In sum, we cannot discern clear and convincing evidence in the record that Ms. Yeh‘s actions in pursuing her case remotely resembled conduct we have previously affirmed as sanctionable. She perpetrated no flagrant fraud on the court, she did not wantonly disobey its orders, and she did not knowingly violate any professional ethical duties. Although we do not condone Ms.

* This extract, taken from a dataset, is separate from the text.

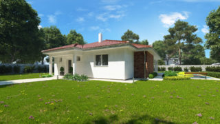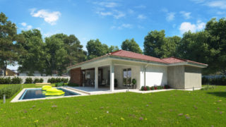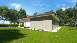 Krásny projekt bungalovu, vhodný na rovinatý alebo mierne svahovitý terén. Tento priestranný rodinný dom je vhodný pre väčšiu - päťčlennú alebo štvorčlennú rodinu s hosťovskou izbou. Na priestrannej terase si užije oddych celá rodina. Dom disponuje šikmou strechou, ktorá vytvára klasický a romantický vzhľad. Výhodou šikmých striech je variabilita a možnosť prispôsobenia ceľkového vzhľadu domu práve pomocou strechy. Pôdorys rodinného domu má tvar písmena ''L'', čo zaručuje pocit súkromia zo strany susedov. Pri stavbe domu treba zohľadniť aj dostatočné krytie terasy. Ďalšia kúpeľňa okrem tej hlavnej poteší každého člena rodiny. Samostatný šatník je snom azda každej ženy, kde sa pohodlne zmestí všetok oblečenie. Ku kuchyni prislúcha aj špajza, ktorá je veľmi praktickým riešením na umiestnenie veľkého množstva jedla a kuchynského náradia. Ďalšia toaleta poteší nielen návštevy. Technická miestnosť je praktickou súčasťou domu, nemusíte sa starať o to, kam umiestniť práčku, sušicku, kotoľ, príp. tepeľné čerpadlo. Projekt domu ako aj stavba domu na kľúč je dostupná v dvoch prevedeniach: môžete si zvoliť alternatívu, či Vám vyhovuje viac klasický murovaný alebo skôr montovaný rodinný dom. Projekt tohto nízkoenergetického domu je dostupný aj v zrkadlovom prevedení, takisto sú možné menšie aj väčšie úpravy v projekte. V prípade stavby domu si môžete zvoliť alternatívy: holodom, hrubá stavba alebo rodinný dom na kľúč.

Yeh‘s apparently half-hearted approach to the discovery process, her behavior overall appears of a kind with that of countless litigants in our courts who bring ill-supported claims under acrimonious conditions and ultimately lose on the merits—and far from the extraordinary circumstances or egregious misconduct that would justify invocation of the bad-faith exception. We conclude that the trial court‘s finding of bad faith was clearly erroneous and consequently that the court abused its discretion in sanctioning Ms. Yeh under its inherent authority.16
III. Conclusion
For the foregoing reasons, the judgment of the Superior Court granting monetary sanctions against Ms. Yeh is reversed.
So ordered.
In imposing a monetary sanction, the trial court should expressly consider at least four factors, all of which serve to limit the amount assessed: (1) the reаsonableness of the injured party‘s attorneys’ fees . . . ; (2) the minimum amount that will serve to adequately deter the undesirable behavior; (3) the offending party‘s ability to pay, bearing in mind that sanctions should not be so large as to bankrupt the offending party . . . or otherwise cause the offending party great financial distress; and (4) the offending party‘s history, experience, and ability, the severity of the violation, the degree to which malice or bad faith contributed to the violation, the risk of chilling the type of litigation involved, and other factors as deemed appropriate in individual circumstаnces.
Williams v. Bd. of Trs. of Mount Jezreel Baptist Church, 589 A.2d 901, 911-12 (D.C. 1991) (cleaned up). The trial court in this case did not engage in any such express analysis.